Metal işçilerinin 2015’teki mücadelesinde öne çıkan fabrikalardan biri olan TOFAŞ’ta işçilerin Çelik-İş’e öfkesi büyüyor. O dönemde iradelerini ve taleplerini hiçe sayan Türk Metal’den istifa eden işçiler, büyük umutlarla Hak-İş’e bağlı Çelik-İş’e üye oldular. Ancak Çelik-İş de işçilerin iradesini hiçe saydı ve Dytech’te yaşananlar TOFAŞ’ta da yaşandı. Çelik-İş işçileri yarı yolda bıraktı, Dytech işçilerinin ifadesiyle onları sattı! TOFAŞ’ta yetki Türk Metal’e bırakıldı ve Çelik-İş Tofaş Şubesi yönetim tarafından, işçilerden habersiz bir şekilde boşaltılarak kapatıldı.

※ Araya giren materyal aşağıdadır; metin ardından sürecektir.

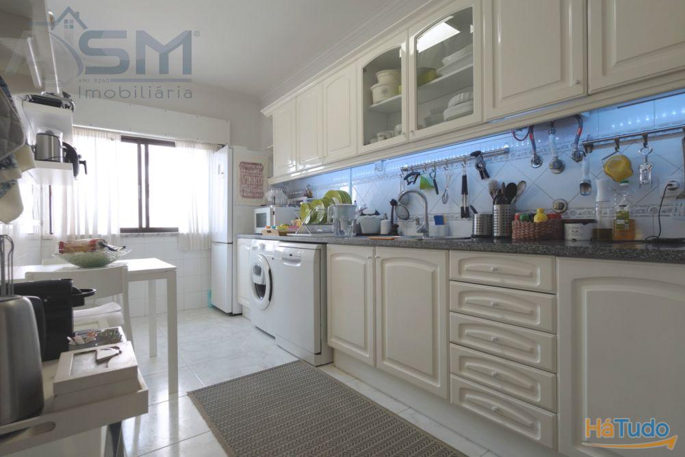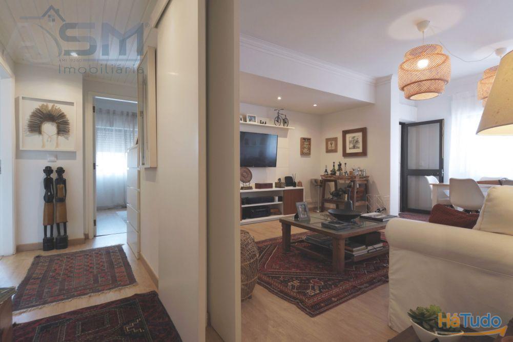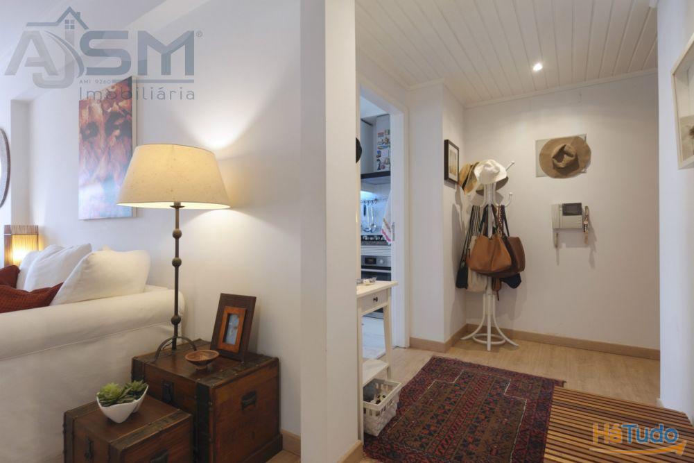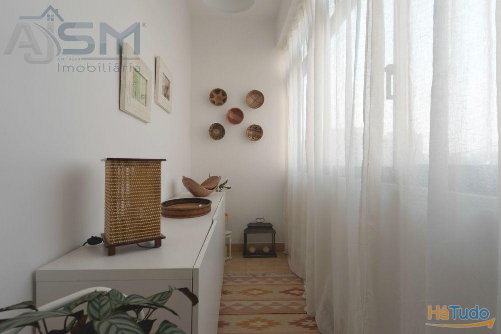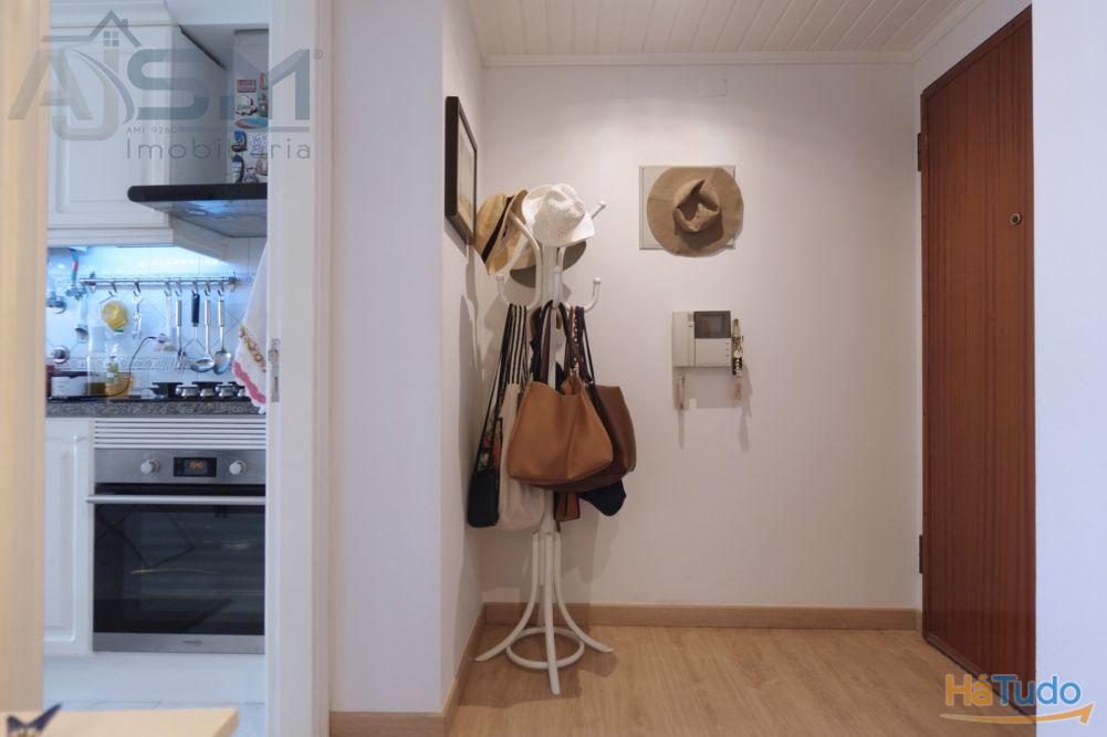 Apartamento com áreas generosas e acabamentos modernos e funcionais, sendo composto por hall de entrada com teto falso em madeira, sala de estar com lareira e uma boa varanda fechada, corredor amplo com uma despensa com prateleiras, cozinha equipada com eletrodomésticos básicos, um quarto amplo com roupeiro embutido e uma casa de banho privativa com cabine de duche e janela.

İşçiler, MESS’in talebiyle Çelik-İş ve Türk Metal arasında anlaşma yapıldığını dile getiriyorlar. Maysan ve İSDEMİR’de yetkinin Çelik-İş’te kalması koşuluya TOFAŞ ve Dytech’te yetkinin Türk Metal’e bırakıldığını ifade ediyorlar. Sendikanın işçilerin iradesini hiçe saydığını, pazarlıklara ve takaslara konu ettiğini, MESS’in ve Türk Metal’in istekleri doğrultusunda hareket ettiğini söylüyorlar. İşçiler büyük bir öfkeyle arada başka ne tür pazarlıklar yapılmış olabileceği konusunda fikir sahibi olmadıklarını söylüyorlar.
Haklarını korumak için sendikal örgütlülüğe ihtiyaç duyduklarını dile getiren işçiler, bu ihanete büyük tepki duyuyorlar. Sendika yöneticilerinin korumalarla gezdiğini, işçileri sıkı bir denetim altında tuttuklarını, sorularına cevap alamadıklarını dile getirerek tepki gösteriyorlar. Bir yol haritası belirlemeye ihtiyaçları olduğunu açıklıyorlar. Yaşananlar ortaya koyuyor ki tüm fabrikalarda olduğu gibi TOFAŞ’ta işçilerin temel ihtiyacı güçlü bir iç örgütlülüktür. İşçiler örgütlü olmadan, kendi güçlerine güvenmeden ve mücadele etmeden kazanamazlar! Sendikaları değiştirip dönüştürecek, engel olanları fırlatıp bir kenara atacak olan işçilerin kararlı ve bilinçli mücadelesidir! “Metal Fırtına”nın ardından yaşanan tüm sorunlar bu gerçeği bir kez daha doğrulamıştır.